Wave of support for girl in title game forfeiture

BY foxsports • May 14, 2012

Controversy struck last Thursday when Our Lady of Sorrows Academy in
Phoenix forfeited the Arizona Charter Athletic Association's 1A state
baseball championship to Mesa Preparatory Academy because of the
participation of 15-year-old Paige Sultzbach, Mesa Prep's female second
baseman. The story blew up, even becoming a major topic of discussion on
national radio and television outlets, with Our Lady of Sorrows taking
heavy criticism.

The firestorm has mostly blown over since, though, and the Monsoons received their championship trophy Thursday.

In
the aftermath of the controversy, Sultzbach's father, John, said the
family has received nothing but positive reactions from all over.

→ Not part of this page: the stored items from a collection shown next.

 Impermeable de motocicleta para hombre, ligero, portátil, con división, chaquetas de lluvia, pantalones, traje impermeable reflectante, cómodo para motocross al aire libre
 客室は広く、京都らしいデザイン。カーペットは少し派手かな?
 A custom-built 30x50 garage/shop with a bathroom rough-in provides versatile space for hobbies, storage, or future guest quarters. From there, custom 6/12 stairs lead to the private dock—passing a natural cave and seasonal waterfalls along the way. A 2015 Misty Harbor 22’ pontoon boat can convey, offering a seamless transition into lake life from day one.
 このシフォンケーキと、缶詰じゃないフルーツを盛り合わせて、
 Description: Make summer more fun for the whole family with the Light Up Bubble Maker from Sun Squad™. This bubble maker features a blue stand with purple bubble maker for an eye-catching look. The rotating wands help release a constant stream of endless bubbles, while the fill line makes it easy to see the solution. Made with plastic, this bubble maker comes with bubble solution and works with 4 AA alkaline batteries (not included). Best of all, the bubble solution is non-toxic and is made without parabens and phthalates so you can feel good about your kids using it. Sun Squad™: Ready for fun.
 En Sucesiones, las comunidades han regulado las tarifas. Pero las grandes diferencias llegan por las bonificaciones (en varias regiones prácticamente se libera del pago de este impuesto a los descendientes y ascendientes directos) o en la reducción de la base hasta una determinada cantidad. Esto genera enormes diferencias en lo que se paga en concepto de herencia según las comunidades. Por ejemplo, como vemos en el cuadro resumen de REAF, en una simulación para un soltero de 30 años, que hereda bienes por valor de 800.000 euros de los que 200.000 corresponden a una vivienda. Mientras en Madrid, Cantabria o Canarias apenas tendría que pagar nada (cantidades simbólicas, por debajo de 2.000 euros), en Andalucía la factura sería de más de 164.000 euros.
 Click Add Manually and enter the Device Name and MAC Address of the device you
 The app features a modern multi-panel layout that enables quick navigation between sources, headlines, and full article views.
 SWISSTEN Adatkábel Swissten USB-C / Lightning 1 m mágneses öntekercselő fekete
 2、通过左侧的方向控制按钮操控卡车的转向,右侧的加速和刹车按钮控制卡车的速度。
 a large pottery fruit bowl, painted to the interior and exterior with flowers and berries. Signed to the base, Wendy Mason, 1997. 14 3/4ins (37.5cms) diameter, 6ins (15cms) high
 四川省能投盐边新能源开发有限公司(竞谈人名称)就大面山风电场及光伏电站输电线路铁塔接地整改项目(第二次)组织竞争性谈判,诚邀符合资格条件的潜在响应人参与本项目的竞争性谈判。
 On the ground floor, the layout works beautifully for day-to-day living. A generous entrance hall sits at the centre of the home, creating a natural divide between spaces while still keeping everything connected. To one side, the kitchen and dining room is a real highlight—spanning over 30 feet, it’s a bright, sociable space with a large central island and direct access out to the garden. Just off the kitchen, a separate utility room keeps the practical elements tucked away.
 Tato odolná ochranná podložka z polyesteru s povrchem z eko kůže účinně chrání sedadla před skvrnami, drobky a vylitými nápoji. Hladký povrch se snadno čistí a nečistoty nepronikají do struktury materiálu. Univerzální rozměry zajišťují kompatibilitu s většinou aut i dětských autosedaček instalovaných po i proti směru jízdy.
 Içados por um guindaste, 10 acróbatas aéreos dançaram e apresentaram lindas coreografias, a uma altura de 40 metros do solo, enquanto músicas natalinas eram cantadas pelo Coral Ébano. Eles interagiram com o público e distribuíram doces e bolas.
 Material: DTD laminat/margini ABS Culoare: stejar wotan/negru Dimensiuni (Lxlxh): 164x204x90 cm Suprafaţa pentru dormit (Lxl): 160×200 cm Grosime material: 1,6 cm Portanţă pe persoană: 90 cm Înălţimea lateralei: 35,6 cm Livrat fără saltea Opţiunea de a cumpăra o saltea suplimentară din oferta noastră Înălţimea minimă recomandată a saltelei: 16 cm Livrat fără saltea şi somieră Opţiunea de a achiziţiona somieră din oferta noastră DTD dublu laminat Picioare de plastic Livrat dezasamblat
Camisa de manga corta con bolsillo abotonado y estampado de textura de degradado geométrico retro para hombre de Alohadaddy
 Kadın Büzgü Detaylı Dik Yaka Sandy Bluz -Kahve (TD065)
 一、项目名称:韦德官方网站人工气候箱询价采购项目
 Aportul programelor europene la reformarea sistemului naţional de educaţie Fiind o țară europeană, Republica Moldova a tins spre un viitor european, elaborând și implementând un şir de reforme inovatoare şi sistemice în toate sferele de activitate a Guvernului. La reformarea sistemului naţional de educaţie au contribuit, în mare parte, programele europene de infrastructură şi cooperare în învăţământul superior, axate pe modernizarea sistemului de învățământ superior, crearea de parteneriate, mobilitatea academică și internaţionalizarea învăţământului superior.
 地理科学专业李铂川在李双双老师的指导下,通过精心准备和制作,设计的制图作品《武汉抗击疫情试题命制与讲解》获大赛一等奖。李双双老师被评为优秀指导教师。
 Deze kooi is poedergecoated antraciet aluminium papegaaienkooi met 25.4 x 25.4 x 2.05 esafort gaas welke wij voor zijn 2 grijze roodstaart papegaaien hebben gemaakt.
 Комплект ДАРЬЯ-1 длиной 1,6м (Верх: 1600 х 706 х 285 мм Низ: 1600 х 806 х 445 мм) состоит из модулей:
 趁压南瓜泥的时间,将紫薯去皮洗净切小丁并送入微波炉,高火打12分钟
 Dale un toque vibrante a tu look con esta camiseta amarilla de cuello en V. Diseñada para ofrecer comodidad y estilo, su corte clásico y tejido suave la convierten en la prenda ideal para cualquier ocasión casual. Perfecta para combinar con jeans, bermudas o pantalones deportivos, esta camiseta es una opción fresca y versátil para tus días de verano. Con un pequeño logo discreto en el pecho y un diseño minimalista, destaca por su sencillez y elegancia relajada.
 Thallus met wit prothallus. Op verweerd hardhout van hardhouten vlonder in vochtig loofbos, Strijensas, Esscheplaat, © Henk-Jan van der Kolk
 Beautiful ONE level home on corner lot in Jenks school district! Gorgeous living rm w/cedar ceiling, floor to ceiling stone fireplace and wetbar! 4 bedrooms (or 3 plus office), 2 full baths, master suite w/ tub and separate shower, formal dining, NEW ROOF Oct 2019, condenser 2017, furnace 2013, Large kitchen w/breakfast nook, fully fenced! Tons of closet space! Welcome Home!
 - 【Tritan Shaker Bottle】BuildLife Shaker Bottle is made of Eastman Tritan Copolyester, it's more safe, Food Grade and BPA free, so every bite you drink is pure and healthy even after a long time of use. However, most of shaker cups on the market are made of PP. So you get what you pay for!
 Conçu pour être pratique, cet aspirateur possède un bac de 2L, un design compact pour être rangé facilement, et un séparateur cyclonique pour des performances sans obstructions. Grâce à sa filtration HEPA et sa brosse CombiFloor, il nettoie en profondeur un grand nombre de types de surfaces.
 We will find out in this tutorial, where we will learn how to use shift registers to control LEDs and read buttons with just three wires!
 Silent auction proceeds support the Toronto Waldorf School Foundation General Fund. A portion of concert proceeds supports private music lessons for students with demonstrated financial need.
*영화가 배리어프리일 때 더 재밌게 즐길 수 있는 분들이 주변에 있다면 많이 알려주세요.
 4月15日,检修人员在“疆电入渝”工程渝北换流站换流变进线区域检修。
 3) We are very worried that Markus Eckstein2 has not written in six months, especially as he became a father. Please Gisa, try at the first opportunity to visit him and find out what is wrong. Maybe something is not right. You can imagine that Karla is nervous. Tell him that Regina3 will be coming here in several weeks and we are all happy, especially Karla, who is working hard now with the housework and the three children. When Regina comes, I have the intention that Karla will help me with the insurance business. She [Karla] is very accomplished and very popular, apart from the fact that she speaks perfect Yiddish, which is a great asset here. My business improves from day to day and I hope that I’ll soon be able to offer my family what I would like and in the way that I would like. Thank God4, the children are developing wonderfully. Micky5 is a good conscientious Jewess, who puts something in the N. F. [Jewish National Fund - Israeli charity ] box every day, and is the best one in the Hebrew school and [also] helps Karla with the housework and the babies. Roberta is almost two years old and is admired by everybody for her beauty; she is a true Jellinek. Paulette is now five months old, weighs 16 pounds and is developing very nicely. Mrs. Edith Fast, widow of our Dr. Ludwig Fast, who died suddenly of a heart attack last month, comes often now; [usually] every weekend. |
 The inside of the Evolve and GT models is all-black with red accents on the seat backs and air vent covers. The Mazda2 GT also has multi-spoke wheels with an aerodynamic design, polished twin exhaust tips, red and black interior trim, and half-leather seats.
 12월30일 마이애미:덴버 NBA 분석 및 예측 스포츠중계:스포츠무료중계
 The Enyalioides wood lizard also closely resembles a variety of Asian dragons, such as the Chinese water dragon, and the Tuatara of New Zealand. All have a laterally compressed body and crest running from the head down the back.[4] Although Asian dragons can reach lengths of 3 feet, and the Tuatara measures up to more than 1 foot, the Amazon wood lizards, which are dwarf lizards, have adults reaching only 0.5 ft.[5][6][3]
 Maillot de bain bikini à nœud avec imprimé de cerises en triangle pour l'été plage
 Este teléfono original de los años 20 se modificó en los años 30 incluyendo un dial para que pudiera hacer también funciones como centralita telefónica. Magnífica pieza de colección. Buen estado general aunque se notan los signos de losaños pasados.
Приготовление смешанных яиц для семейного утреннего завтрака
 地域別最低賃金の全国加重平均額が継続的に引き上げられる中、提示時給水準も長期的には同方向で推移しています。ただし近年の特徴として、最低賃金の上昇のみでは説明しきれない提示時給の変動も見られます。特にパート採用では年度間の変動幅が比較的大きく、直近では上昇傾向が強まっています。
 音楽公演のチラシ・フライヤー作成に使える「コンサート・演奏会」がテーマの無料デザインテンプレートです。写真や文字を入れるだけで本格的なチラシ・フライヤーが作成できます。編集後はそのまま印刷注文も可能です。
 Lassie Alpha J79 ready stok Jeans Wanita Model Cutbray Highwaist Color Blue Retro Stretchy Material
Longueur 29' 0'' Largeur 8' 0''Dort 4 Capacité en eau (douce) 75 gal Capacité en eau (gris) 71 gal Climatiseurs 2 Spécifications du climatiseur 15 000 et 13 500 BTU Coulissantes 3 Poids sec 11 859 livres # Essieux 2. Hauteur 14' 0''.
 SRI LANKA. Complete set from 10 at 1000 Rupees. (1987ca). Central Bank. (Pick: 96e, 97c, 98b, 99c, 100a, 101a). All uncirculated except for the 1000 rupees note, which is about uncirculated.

"It's been overwhelmingly supportive of her and the school," John Sultzbach said Monday. "It's been quite amazing, actually."

Sultzbach
said Mesa Prep athletic director Amy Arnold forwarded along countless
emails she received from those wishing to express their support for
Paige. They came from all corners of the U.S. and from Canada; one even
came from an all-girls school in Ireland.

Sultzbach also said he
got a call from a complete stranger living in New Mexico, a man who
expressed his support and also shock that such a situation would still
occur.

Our Lady of Sorrows forfeited the game because a parish
policy prohibits participation in co-ed athletics. The two teams had met
twice in the regular season, with Paige sitting out both games, but
when Mesa Prep's coach refused to let Paige sit out the championship,
Our Lady of Sorrows forfeited.

John Sultzbach commended Our Lady of Sorrows for standing by its beliefs but said he still doesn't agree with the policy.

"Initially
I was disappointed, not only for (Paige) and the team but for the other
team," Sultzbach said. "Both teams worked hard to get to where they
were."

The Sultzbach family hasn't been crazy about all the extra
attention that's come with the incident but so far hasn't encountered
any issues.

"So far, so good," Sultzbach said. "It's been
exciting and it's been surreal, just the phone calls you get and the
people on the other end, be it the person or the entity they're
representing. It's been crazy, but hopefully it's about run its course."